Yeah. But in my naiveté I thought they'd see that and say, "Oh, that's so great! You're so brave and different. What a great quality." But—
But without a cultural understanding that maybe in their cultural context, that isn't something that's celebrated.
Did you ever find out why your mother never taught you Japanese?! That's the mystery in your book!
Well, it's still kind of a mystery. I think I have theories, and I have talked to her. Though, I think the last time I asked her, which was after she saw some of the book, her answer was, "I don't know." That was probably the most honest answer that she could've given me. Not only did she not teach me Japanese, but the Japanese culture, she doesn't like talking about Japan very much. And she didn't like living in Japan very much. So I feel like she just wanted to distance herself from it. But that's just a theory. Because Japan's not so great, or it wasn't—especially back then—such a great place to be a woman for lots of reasons. This is just a theory.
Oftentimes how we speak a language can really inform us about what the culture is like. So it kind of made sense, then, if you feel like your mom doesn't fit into that culture, then she doesn't want to expose that or share that part with you. Because maybe she didn't want you to have to deal with that culture as well.
That's really generous. That's a nice way to think of it. It might actually be true. I do think that she was protecting her parents from knowing me and that I'm kind of rough around the edges. But I’m not sure if whether she was protecting them or protecting me.
Another thing that I really thought was interesting in your book is the written dialogue when people are speaking Japanese. I was looking at the characters [and] felt 99% sure that isn't Japanese! [Laughs.] And then I had to ask my Japanese friends: "What's going on here? What is MariNaomi doing?" So I wanted to clarify with you.

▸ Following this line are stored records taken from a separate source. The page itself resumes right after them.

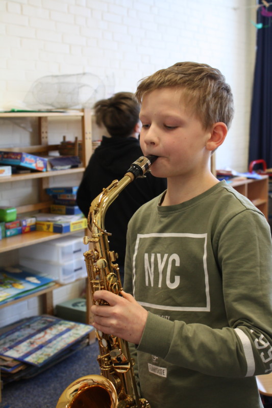 Am 1. April, besuchte uns die Bläserklasse der KGS aus Sittensen. Auch zwei ehemalige Kinder unserer Schule waren dabei und führten den Zuhörer/innen aus unseren 4. Klassen stolz ihr Können auf ihren Instrumenten vor. Im Gepäck hatten die Schülerinnen und Schüler Holzblas- und Blechblasinstrumente – Trompeten, Saxophone, Querflöten, Klarinetten …
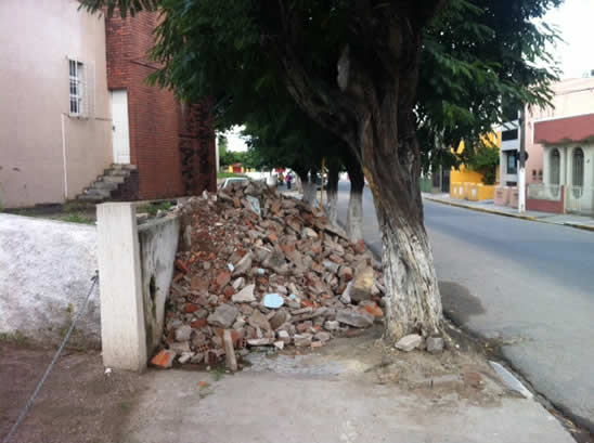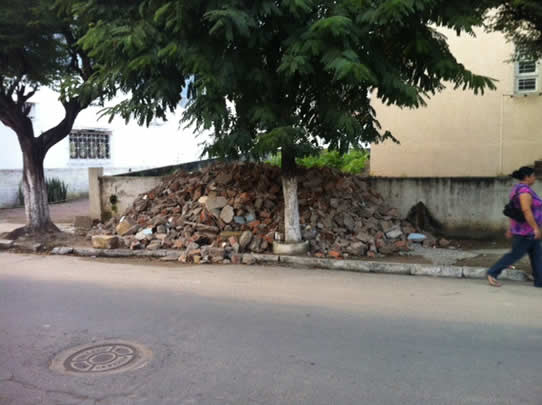 “Pilako, há vários dias este entulho está na calçada do Fórum da cidade atrapalhando o direito sagrado de ir e vir das pessoas………este descaso acontece na calçada do fórum da cidade …imagina o que acontece lá nas calçadas dos bairros mais afastados …..só Deus sabe lá……..”
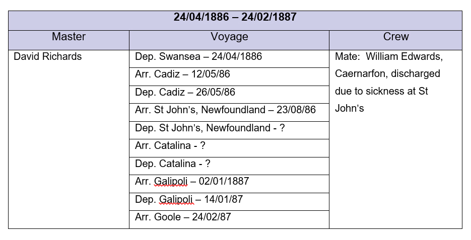 The Mercantile Navy List includes her up until 1924.  During that period she changed hands several times.  Her Managing Owner from 1865 was William Owens who was registered at 21 North Parade, Aberystwyth.  The vessel’s registered tonnage was 88 tons when she was launched, but was changed to 76 tons in 1892.  Between 1902 and 1914, presumably on the death of William Owens, the title and responsibilities of Managing Owner passed to Mrs M. Owens of 41, North Parade, Aberystwyth.  It’s a different address, but she was probably his wife, unmarried sister or daughter.  Between 1915 and 1917 her Managing Agent was Ernest Brown, Tintagel View, Port Isaac.  Between 1918 and 1920 she was in the hands of The Weymouth Diving and Touring Company at 17A King Street, Weymouth.  Finally, between 1921 and 1923 (now registered 73 tons) her Managing Owner was William T Cundy of Lipsom Road, Plymouth.

They’re not Japanese characters, right?
No, it's all made up.
I thought that was a really interesting use, to show your non-understanding of the language.

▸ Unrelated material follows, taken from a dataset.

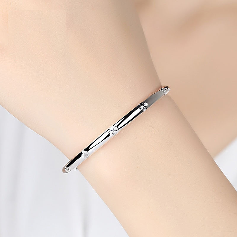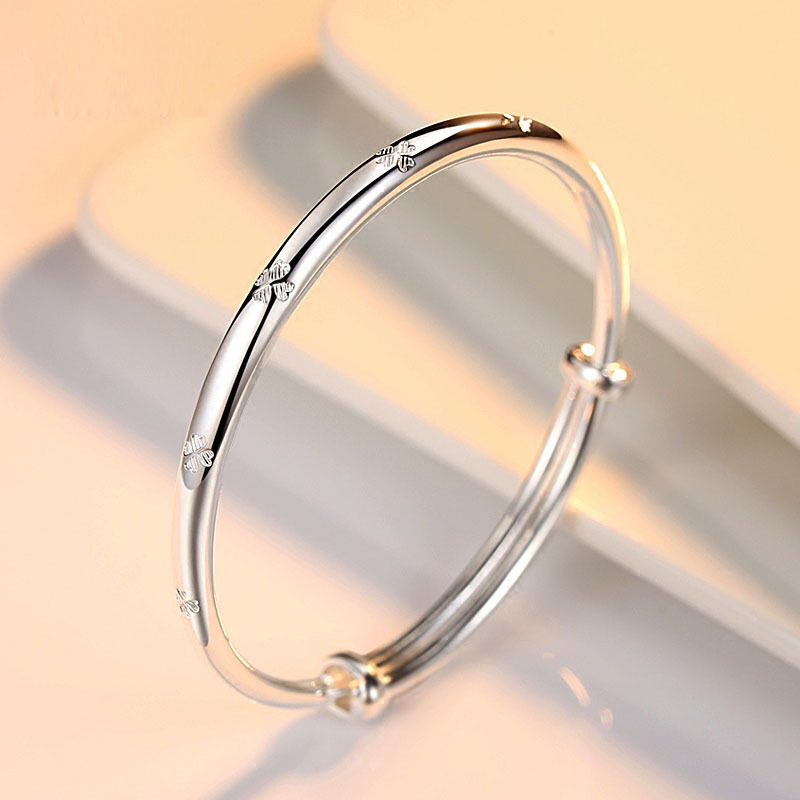 天猫香港正生纯银9999足银 纯银手镯 女式推拉手环光面四叶草 银手饰

Well, I wanted to make sure that someone who does know kanji will understand the feel of the book. Because if you could just read the dialogue, and you understand what it says, you're not understanding the outsider's perspective. You're just reading what they're saying.
But that was a really smart choice because often, for writers and especially writers who are using their native language or other languages, they have to balance whether or not they want to translate it. It depends on who they're serving and whose story they're telling. I think that this really served the story that you're telling because it's about you not understanding it. It was kind of fascinating to go through the book. I really laser-focused in on these characters!

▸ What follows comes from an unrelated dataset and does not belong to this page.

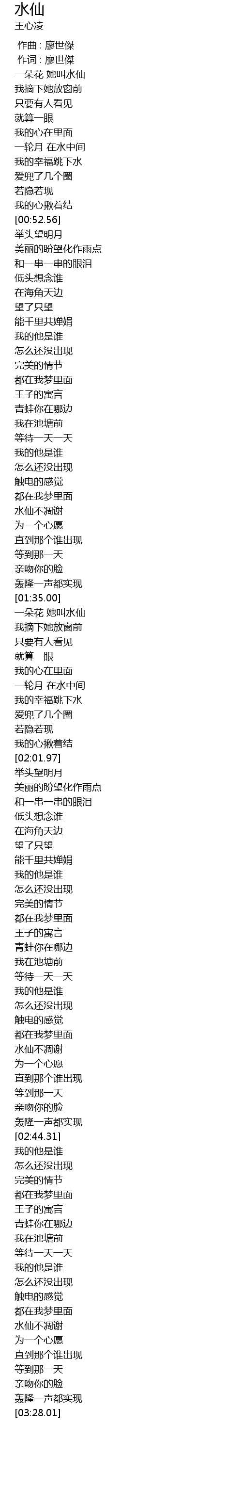 | [02:35.09] | shuǐ xiān bù diāo xiè |
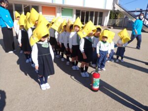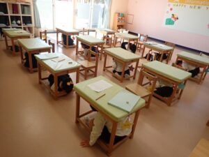 When the announcement was sounded children went under their desks and waited for the next instruction. They were able to evacuate safely with their hoods on to the designated safe and open grounds. They could all remember and recite the “OHANASHIMO” promise.

It took me a long time to figure out how I was gonna basically translate those feelings. That's probably the one technique that I spent the longest just figuring out for the book. I'm pretty happy with how that turned out. I love that you thought they were real Japanese kanji though. [Laughs].
How did you come about choosing the title of your book?
I'm really bad at titles. [Laughs.] But I've always liked that song, and it's kind of funny to me because it's so awful. But I'm an '80s child, and so it just speaks to me on so many levels. First of all, it's an earworm. Second of all, it's talking about Japanese. It's not really talking about Japanese. It's talking about Japanese from a very non-Japanese perspective.